Dad and I were doing his stretches one day, my fingers wrapped around his heel, the pads of his toes pressing into the underside of my arm, when it occurred to me that my handsome left foot was almost identical to his. It was even the same size: eleven or eleven-and-a-half depending on the shoe brand. The family resemblance didn’t extend to my right foot, with its narrow heel and bunched toes, but one matching limb was enough. I’d been walking around on Dad’s foot my entire life and not known it. I’d keep walking on it after he was gone.
HEAL THY ANGELS
I’d only known Kevin for a couple weeks when my mom walked in on us having sex. It must have been jarring for her to see a bald thirty-one-year-old Mormon dude thrusting into her physically disabled youngest son. Then again, only moments before, looking for someone to help get Dad out of bed, Mom had taken the new elevator to the basement and folded back the accordion door to see my brother having sex with a girl who had once been my dance partner at cotillion. If death is the opposite of desire, our house had plenty of both.
Privacy was nonexistent. The respirator was always going off down the hall, and if it wasn’t the respirator it was the doorbell Velcroed to the base of Dad’s Medicare bed. His ski buddies, running buddies, and former co-workers came and went without knocking. They hadn’t seen me in the throes of intimacy, but they had seen me afterward, stranded in front of the fridge in my boxers.
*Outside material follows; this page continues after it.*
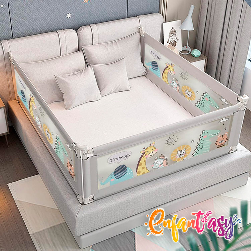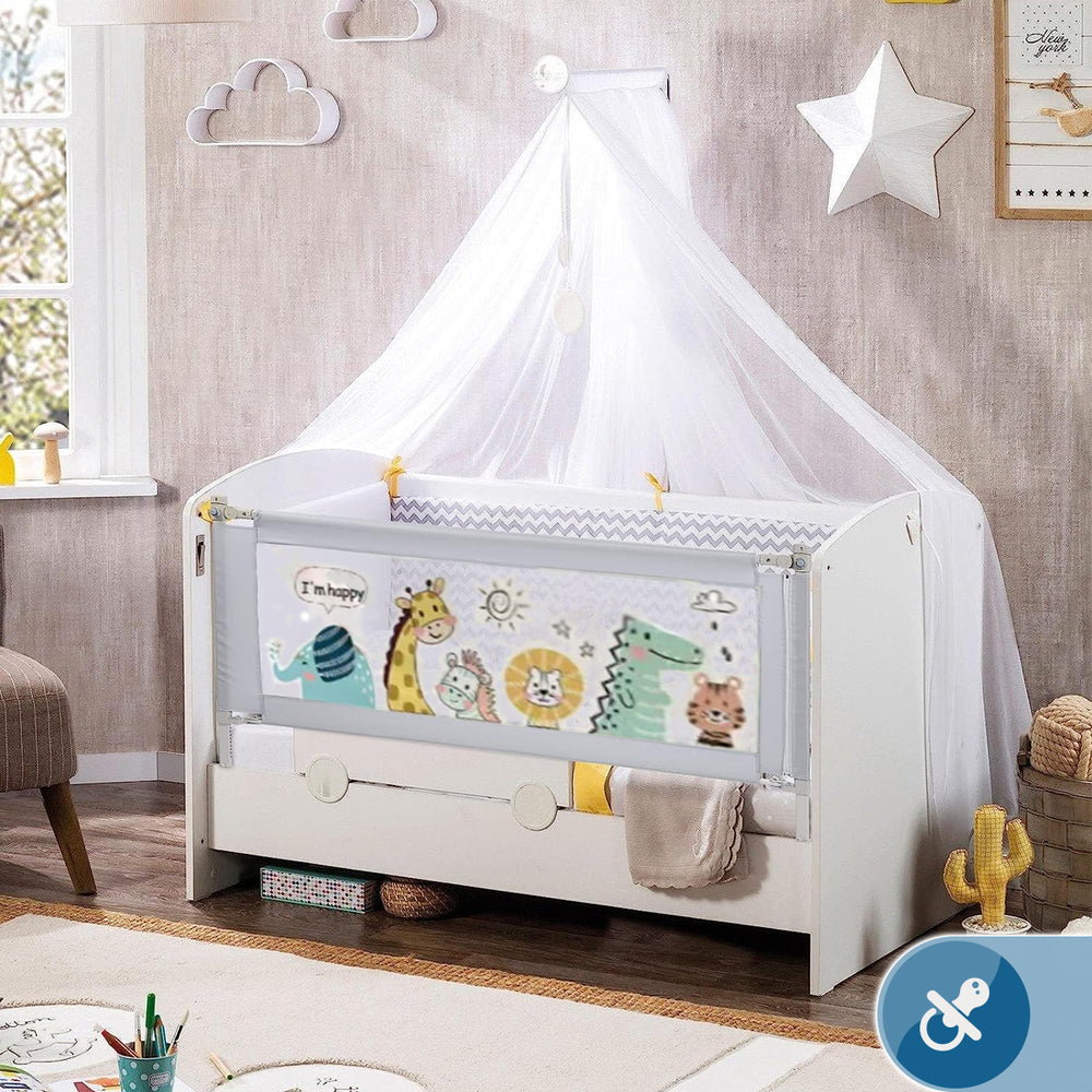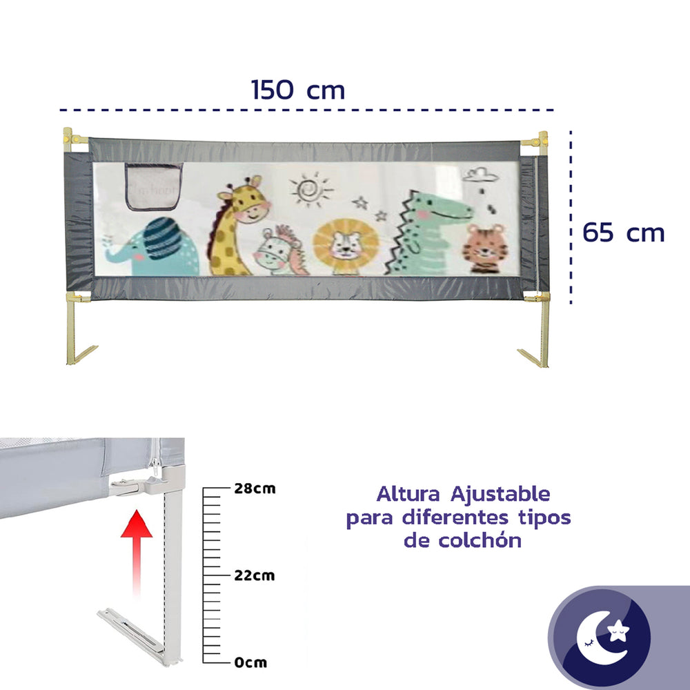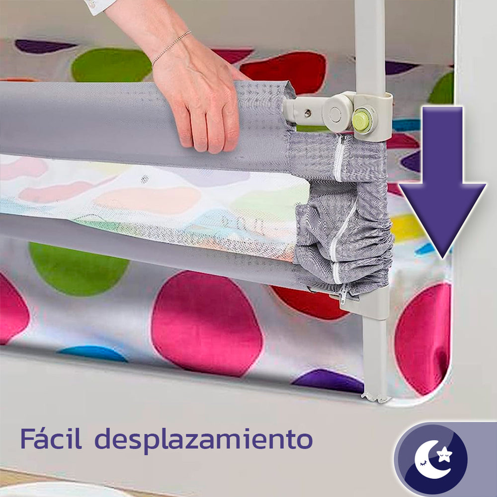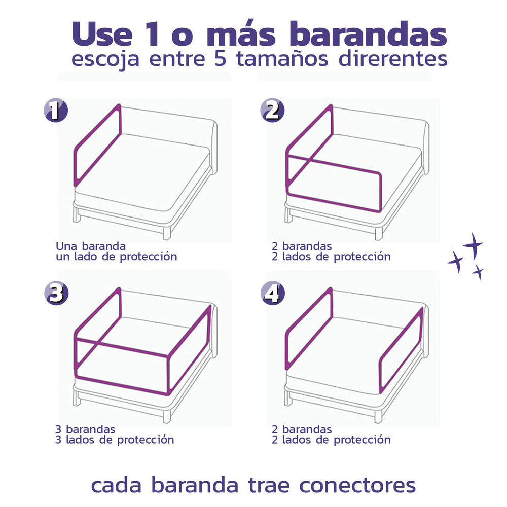 Baranda de seguridad para camas y cunas. Es ideal si no tienes cuna y deseas proteger a tu bebé de las caídas mientras duerme. El largo en 5 tamaños es más ancho que otras del mercado. Fácil de transportar, lleva siempre esta protección de cama en tus viajes.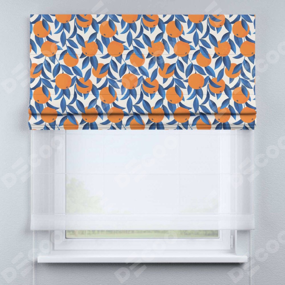 Римская штора день-ночь производителя «Cortin», используется для проёма, пошита из двух полотен, с лицевой блэкаут с нанесением сублимационной печати «Апельсиновое настроение», вторая ткань тюль (по стандарту комплектуется тюль белого цвета артикул V-01). Имеет универсальный механизм и подходит для монтажа: на потолок, на стену и в нишу.

That winter had been snowy and bleak. Mom was struggling to mend from a round of “big guns” chemo and Dad’s legs were getting weaker by the day.
After a brief stint selling day planners at the mall, I’d gotten a job that March as a community newspaper editor thirty miles up the canyon in Park City at the Park Record, but in the larger scheme of things I’d fallen off what you might call the accomplishment horse—the accomplishment horse, the mechanical bull, the rainbow phalluses of Boystown, and anything else a young gay man with tight tendons might want to ride. Before Kevin, I’d been as celibate as celery.
I met him one soggy Saturday in April while judging packets at the Utah Future Problem Solving Bowl. FPS is one of those after-school activities for teenage nerds, a mix of a sci-fi convention and a debate tournament, with kids running around in crushed tinfoil costumes, dressed as genetically modified produce, developing nations, microchips, nanobots, and splices of DNA. I’d done FPS from the fourth grade until I was a sophomore in high school, coming back as a judge for most of college and now beyond. I was cool like that. Needless to say, Kevin was the first guy I’d ever picked up at an FPS conference. I liked the hole in his jeans.
Though Kevin was eight years older, we had a lot in common. We’d gone to the same junior high and high school. Not only had we both competed in FPS, we’d also had the same coach, a vegan with a Chihuahua named Atilla. Kevin was an FPS legend because his team had won first place at the international conference in 1990, when he was in the eighth grade. The closest I’d ever come to winning was top ten.
Now we were no longer imagining the future and its problems. We were in the thick of them.
Dad had a talking computer he could supposedly control with his eyes, but it more closely resembled the Speak & Spell we’d had as kids in the eighties than Siri and Alexa, who would debut a few years later. Danny had programmed the computer to say only dirty words and phrases. To move the cursor, Dad had to wear a reflective dot on his forehead, like a bindi, that fell off constantly. We mostly just depended on reading Dad’s lips and deflating his cuff so he could moan out a few words. Even though breathing wasn’t a problem with his respirator, the rest of Dad’s symptoms progressed rapidly.